How long does Clumpify take? It's very fast. If all data can fit in memory, Clumpify needs the amount of time it takes to read and write the file once. If the data cannot fit in memory, it takes around twice that long. That's on our cluster, though, with a high-performance parallel filesystem. On some filesystems, or with a single spinning disk, it may take several times longer when data does not fit into memory, because multiple files are constantly being read and written at once.
Why does this increase speed? There are a lot of processes that are I/O limited. For example, on a multicore processor, using BBDuk, BBMerge, Reformat, etc. on a gzipped fastq will generally be rate-limited by gzip decompression (even if you use pigz, which is much faster at decompression than gzip). Gzip decompression seems to be rate-limited by the number of input bytes per second rather than output, meaning that a raw file of a given size will decompress X% faster if it is compressed Y% smaller; here X and Y are proportional, though not quite 1-to-1. In my tests, assembly with Spades and Megahit have time reductions from using Clumpified input that more than pays for the time needed to run Clumpify, largely because both are multi-kmer assemblers which read the input file multiple times (and according to Megahit's author, due to cache locality).
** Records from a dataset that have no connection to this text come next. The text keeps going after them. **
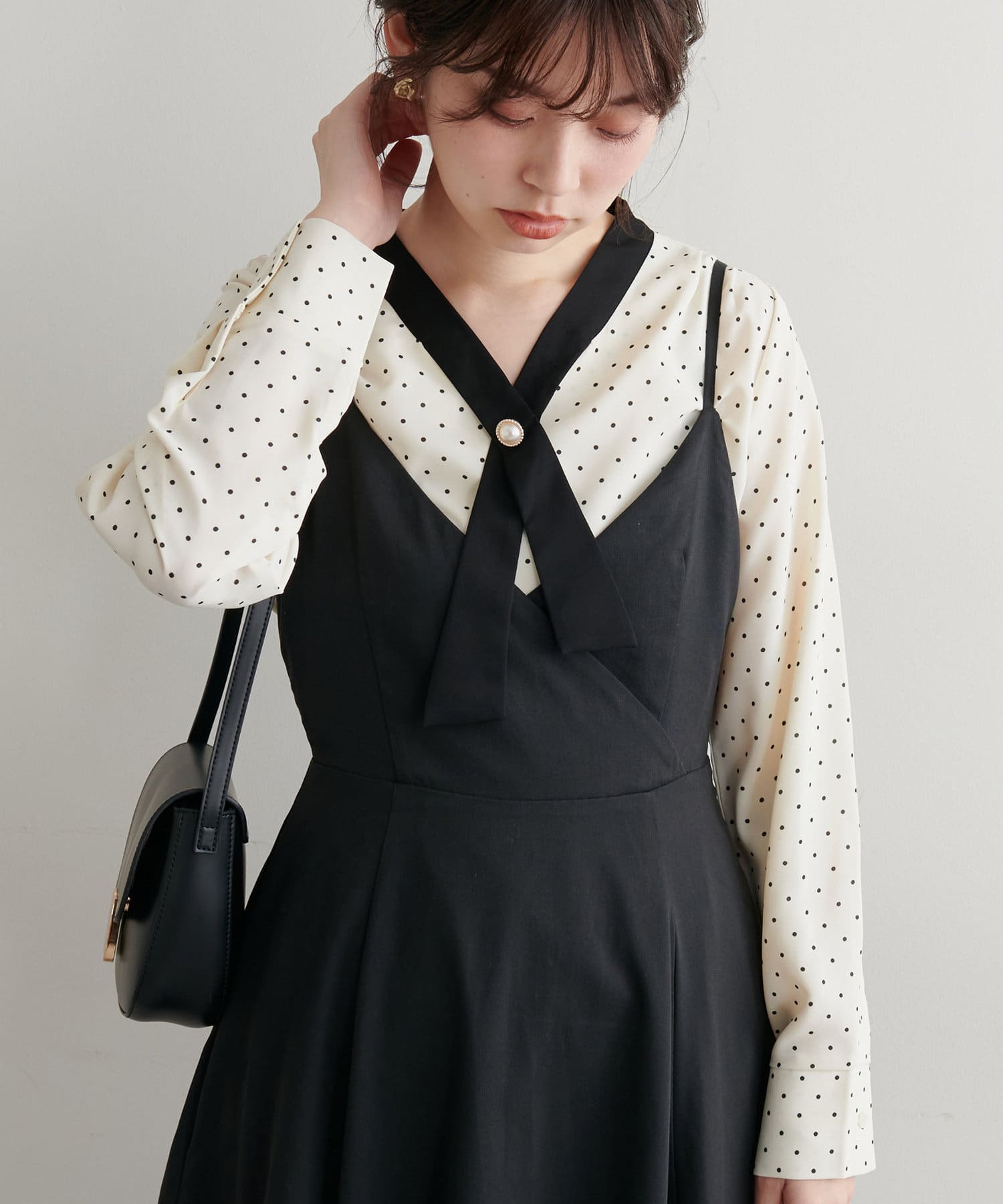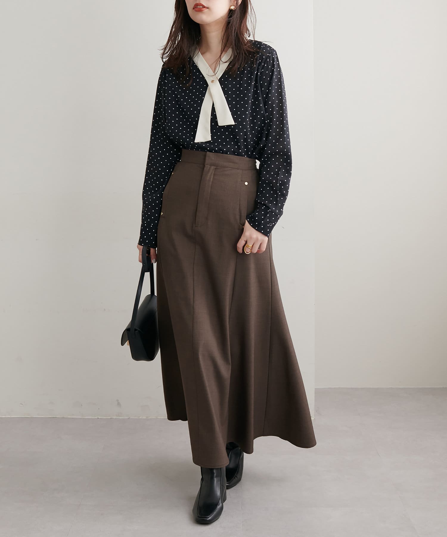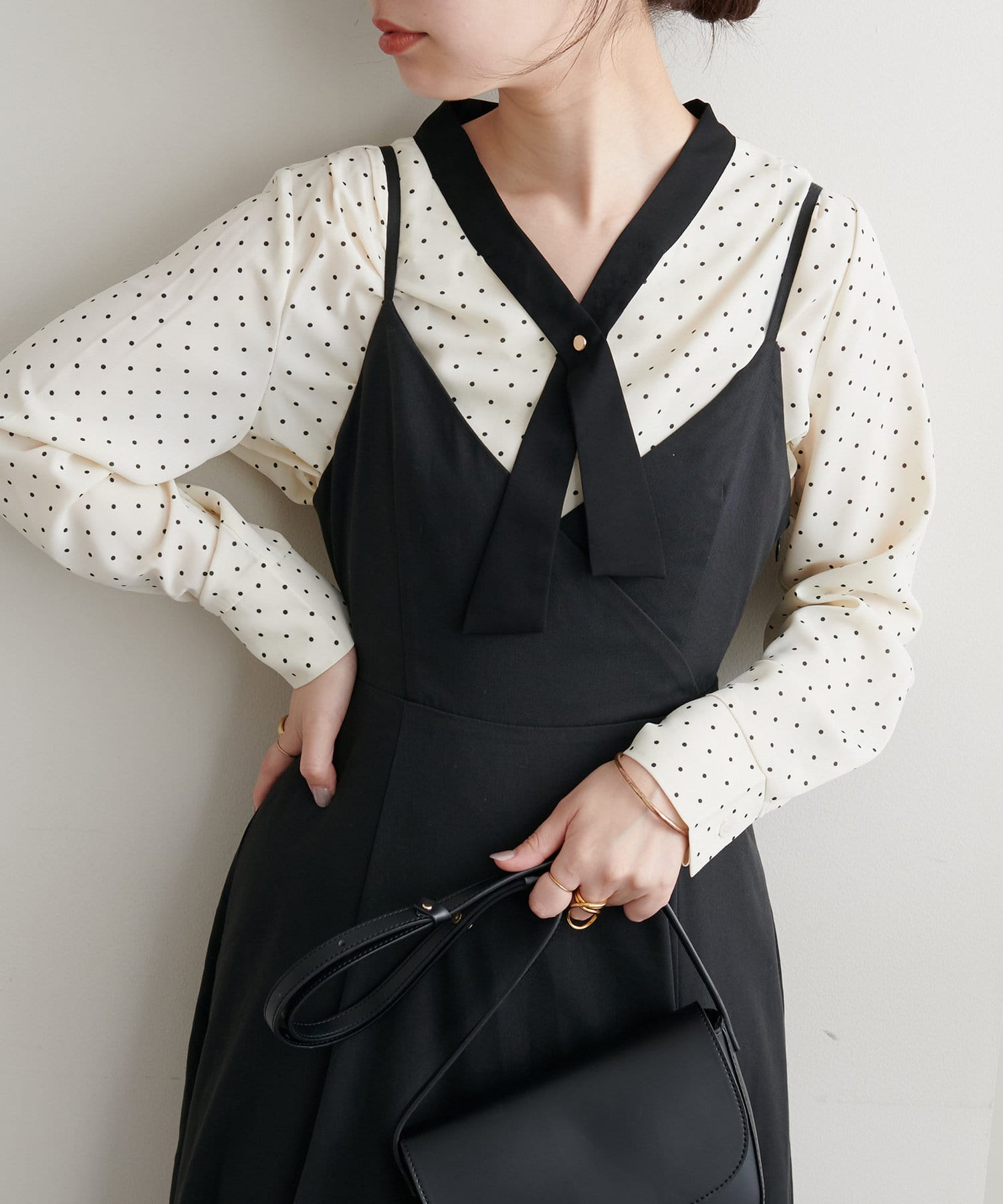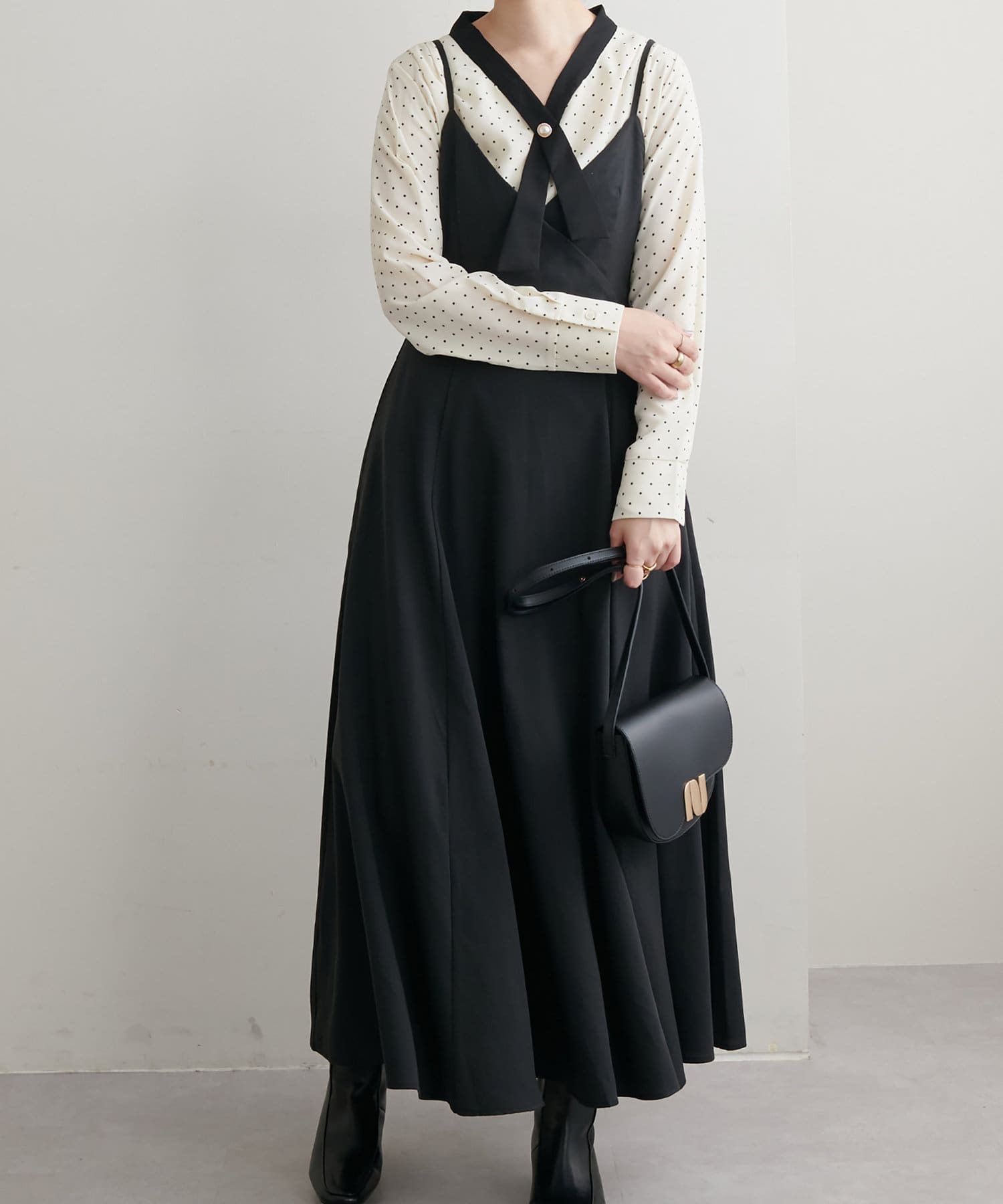 クロスボータイが洗練された印象に仕上げてくれるのでハイウエストのロングスカートやジャンパースカート、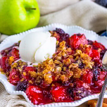 Picture tart granny smith apples mingling with juicy blackberries under a golden, crunchy crumble topping that smells like cinnamon heaven.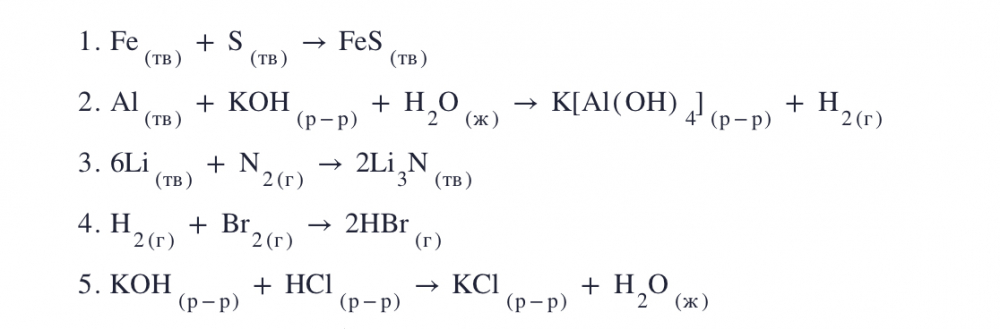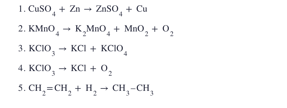 Из предложенного перечня выберите все реакции, которые являются окислительно-восстановительными.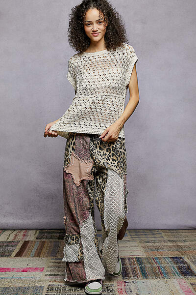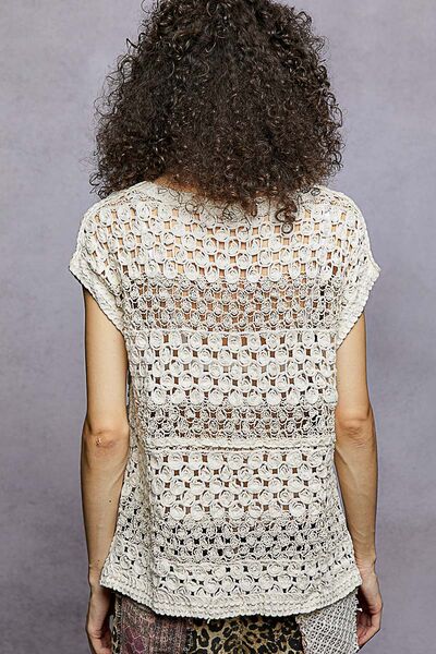 POL Openwork Round Neck Crochet Top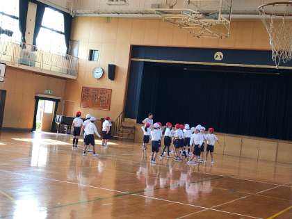 3年生は体育館で「猛獣狩りに行こうよ」をしていました。楽しみながら、体を動かして、いろいろな運動に親しんでいます。

Something purely CPU-limited like mapping would normally not benefit much in terms of speed (though still a bit due to improved cache locality).
When and how should Clumpify be used? If you want to clumpify data for compression, do it as early as possible (e.g. on the raw reads). Then run all downstream processing steps ensuring that read order is maintained (e.g. use the “ordered” flag if you use BBDuk for adapter-trimming) so that the clump order is maintained; thus, all intermediate files will benefit from the increased compression and increased speed. I recommend running Clumpify on ALL data that will ever go into long-term storage, or whenever there is a long pipeline with multiple steps and intermediate gzipped files. Also, even when data will not go into long-term storage, if a shared filesystem is being used or files need to be sent over the internet, running Clumpify as early as possible will conserve bandwidth. The only times I would not clumpify data are enumerated below.
When should Clumpify not be used? There are a few cases where it probably won’t help:
- For reads with a very low kmer depth, due to either very low coverage (like 1x WGS) or super-high-error-rate (like raw PacBio data). It won’t hurt anything but won’t accomplish anything either.
- For large volumes of amplicon data. This may work, and may not work; but if all of your reads are expected to share the same kmers, they may all form one giant clump and again nothing will be accomplished. Again, it won’t hurt anything, and if pivots are randomly selected from variable regions, it might increase compression.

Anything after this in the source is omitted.